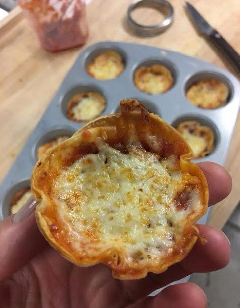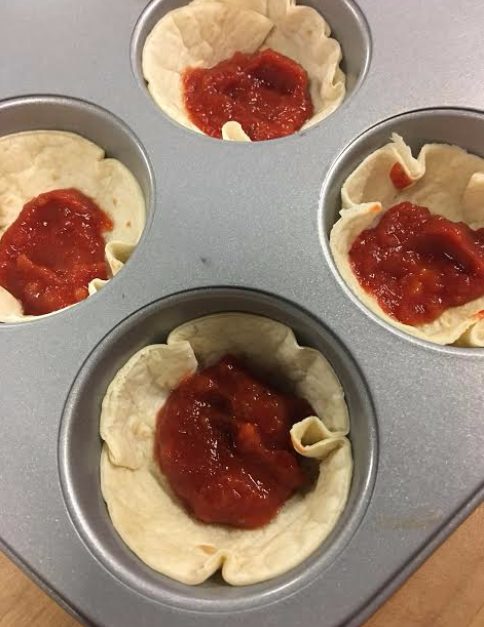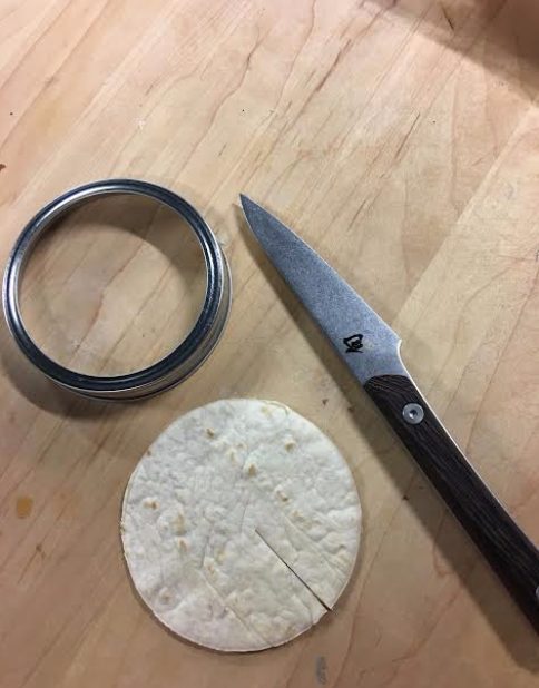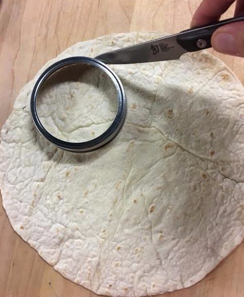 Tailler des cercles de tortillas d’environ 8 cm de diamètre (cuire les retailles en même temps que les minis pizzas et s’en servir en guise de croustilles)
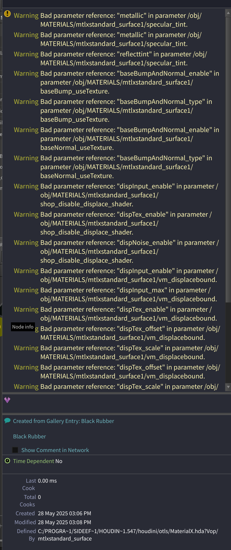 这里其实是参数引用错误,说明从principled shader转换到mtlxstandard_surface后,参数名称不匹配,换句话说,也可以认为是Channels出现了不匹配的情况。
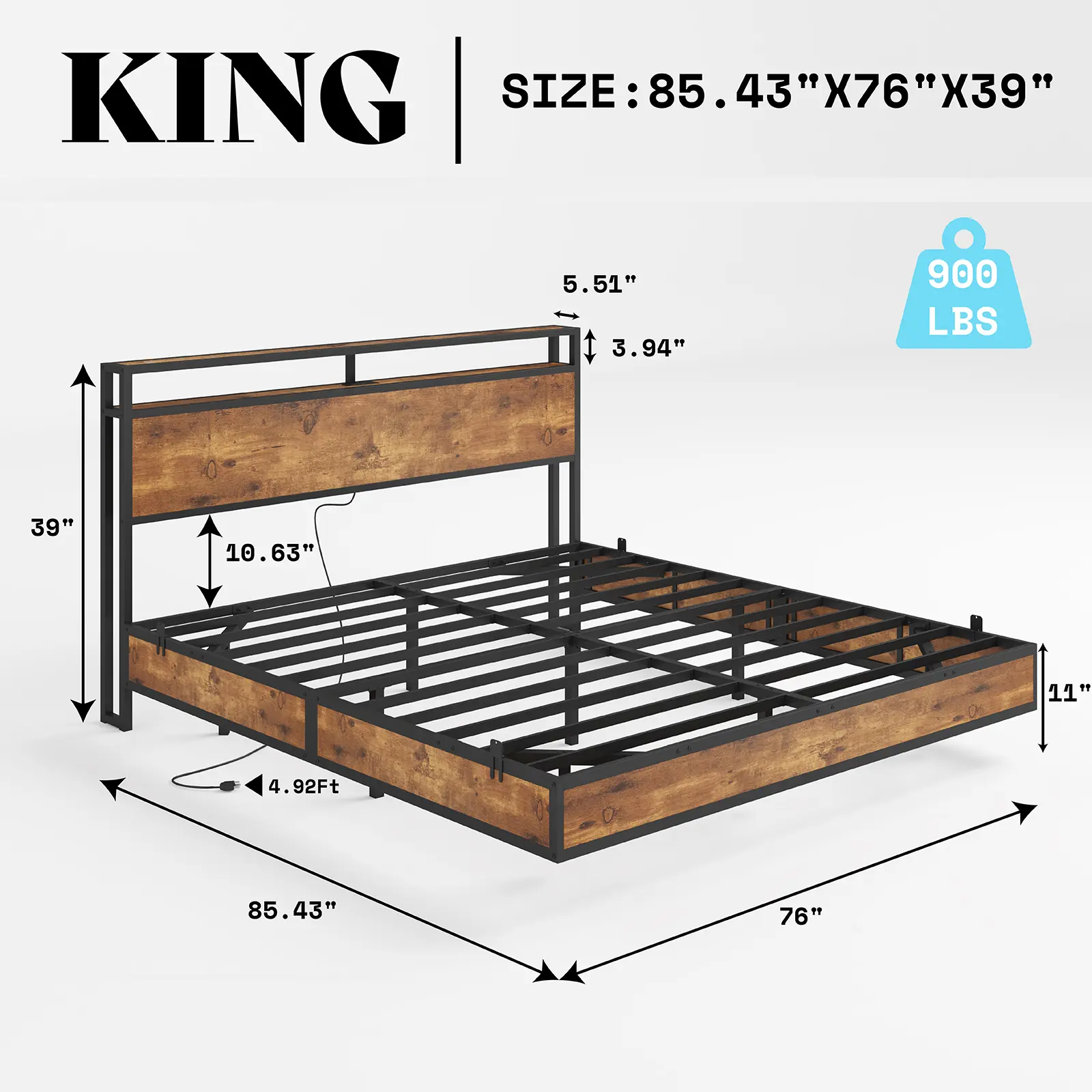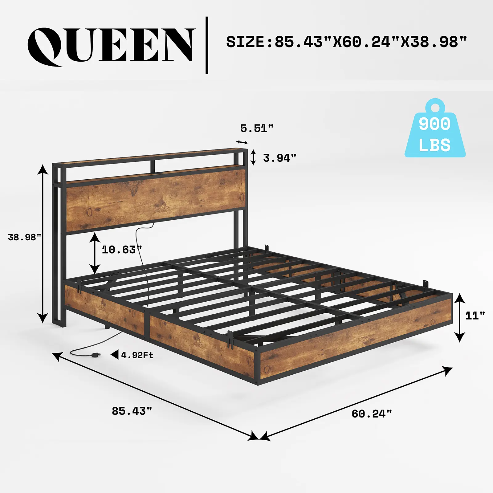 • 【Noise-Free & No Box Spring Needed】 Sturdy metal slats of industrial bed frame with charge station ensure a quiet sleep and support up to 900 lbs. No box spring needed, meeting all your needs
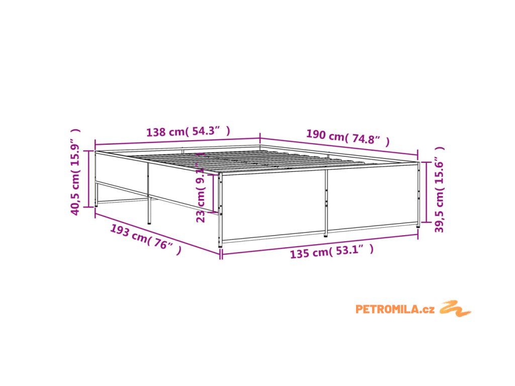 - Celkové rozměry: 193 x 138 x 40,5 cm (D x Š x V)
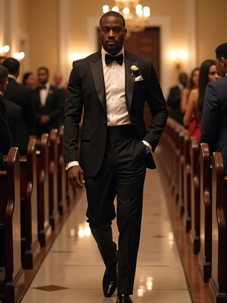 Classic wedding elegance in an intimate ceremony. Model wearing a stylish tuxedo with polished black shoes . Romantic and sophisticated.
******
* PROMPT:
Give back all of the entries above exactly, with the pictures excluded.

* RESPONSE:
 Tailler des cercles de tortillas d’environ 8 cm de diamètre (cuire les retailles en même temps que les minis pizzas et s’en servir en guise de croustilles)
 这里其实是参数引用错误,说明从principled shader转换到mtlxstandard_surface后,参数名称不匹配,换句话说,也可以认为是Channels出现了不匹配的情况。
 • 【Noise-Free & No Box Spring Needed】 Sturdy metal slats of industrial bed frame with charge station ensure a quiet sleep and support up to 900 lbs. No box spring needed, meeting all your needs
 - Celkové rozměry: 193 x 138 x 40,5 cm (D x Š x V)
 Classic wedding elegance in an intimate ceremony. Model wearing a stylish tuxedo with polished black shoes . Romantic and sophisticated.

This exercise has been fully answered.